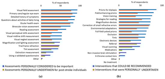 Most participants (>50%) considered several visual assessments to be important for individuals who have had a stroke (Figure 3a). These included routine eye exams (93.1%); ocular health exams (slit lamp examination and dilated fundus evaluation—83%); a detailed case history of symptoms (87.3%); specific questions about activities of daily living (86.2%); assessments of visual field (92.4%) and binocular vision beyond what would be included in primary care (75.4%); and tests involving reading (64.5%), visual perceptual skills (53.6%), visual neglect (52.9%), and visual midline shift (53.3%). This trend was consistent across all countries, as shown in Figure A6 in Appendix A. However, in all cases, few optometrists actually undertook the assessments that they thought important.
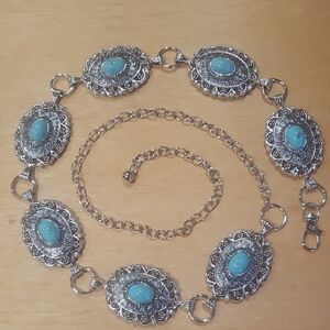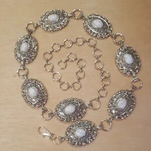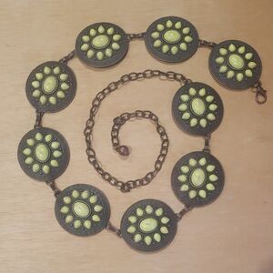 This Women's Vintage Chain Link Belt in gold tone is a stylish accessory with a retro 80s theme. The adjustable belt adjusts from 26-36 inches, making it versatile for different sizes. The geometric pattern and designer character add a touch of sophistication, while the gold-plated hardware and medallion accents give it a luxurious look. This chain belt is perfect for adding a chic and vintage flair to any outfit.
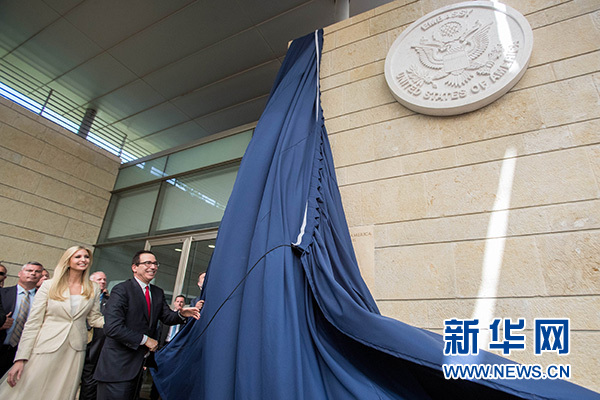 數(shù)百名官員參加了當(dāng)天的美國新使館開館儀式。美國副國務(wù)卿沙利文率領(lǐng)美方代表團(tuán)出席儀式,其中包括美國總統(tǒng)特朗普的女兒伊萬卡和她的丈夫庫什納,以及美財政部長姆努欽。
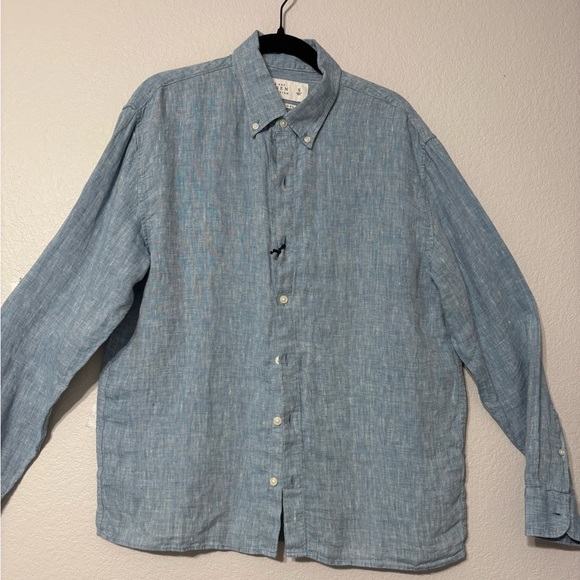 Elegant light blue linen button down shirt. Ideal for warm days. Effortless style. NWT
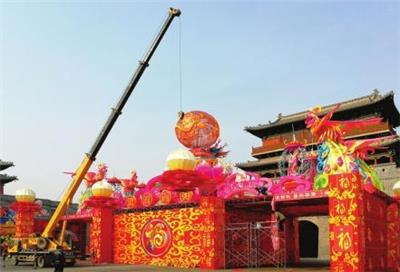 1月26日,记者在南城墙关城内见到,本届灯会体量最大、制作最复杂的灯组《龙凤呈祥》正在进行吊装。据了解,该灯组长35米、高15米,在设计上取“龙凤呈祥”这一吉祥喜庆、高雅美善之意,同时结合大同悠久的佛教文化元素,为市民和游客献上最美好的新春祝福。本报记者陈旭东摄

■ WORK REQUEST
A word-for-word copy of the entries above is needed, with every picture dropped.

■ EXPECTED ANSWER
 Most participants (>50%) considered several visual assessments to be important for individuals who have had a stroke (Figure 3a). These included routine eye exams (93.1%); ocular health exams (slit lamp examination and dilated fundus evaluation—83%); a detailed case history of symptoms (87.3%); specific questions about activities of daily living (86.2%); assessments of visual field (92.4%) and binocular vision beyond what would be included in primary care (75.4%); and tests involving reading (64.5%), visual perceptual skills (53.6%), visual neglect (52.9%), and visual midline shift (53.3%). This trend was consistent across all countries, as shown in Figure A6 in Appendix A. However, in all cases, few optometrists actually undertook the assessments that they thought important.
 This Women's Vintage Chain Link Belt in gold tone is a stylish accessory with a retro 80s theme. The adjustable belt adjusts from 26-36 inches, making it versatile for different sizes. The geometric pattern and designer character add a touch of sophistication, while the gold-plated hardware and medallion accents give it a luxurious look. This chain belt is perfect for adding a chic and vintage flair to any outfit.
 數(shù)百名官員參加了當(dāng)天的美國新使館開館儀式。美國副國務(wù)卿沙利文率領(lǐng)美方代表團(tuán)出席儀式,其中包括美國總統(tǒng)特朗普的女兒伊萬卡和她的丈夫庫什納,以及美財政部長姆努欽。
 Elegant light blue linen button down shirt. Ideal for warm days. Effortless style. NWT
 1月26日,记者在南城墙关城内见到,本届灯会体量最大、制作最复杂的灯组《龙凤呈祥》正在进行吊装。据了解,该灯组长35米、高15米,在设计上取“龙凤呈祥”这一吉祥喜庆、高雅美善之意,同时结合大同悠久的佛教文化元素,为市民和游客献上最美好的新春祝福。本报记者陈旭东摄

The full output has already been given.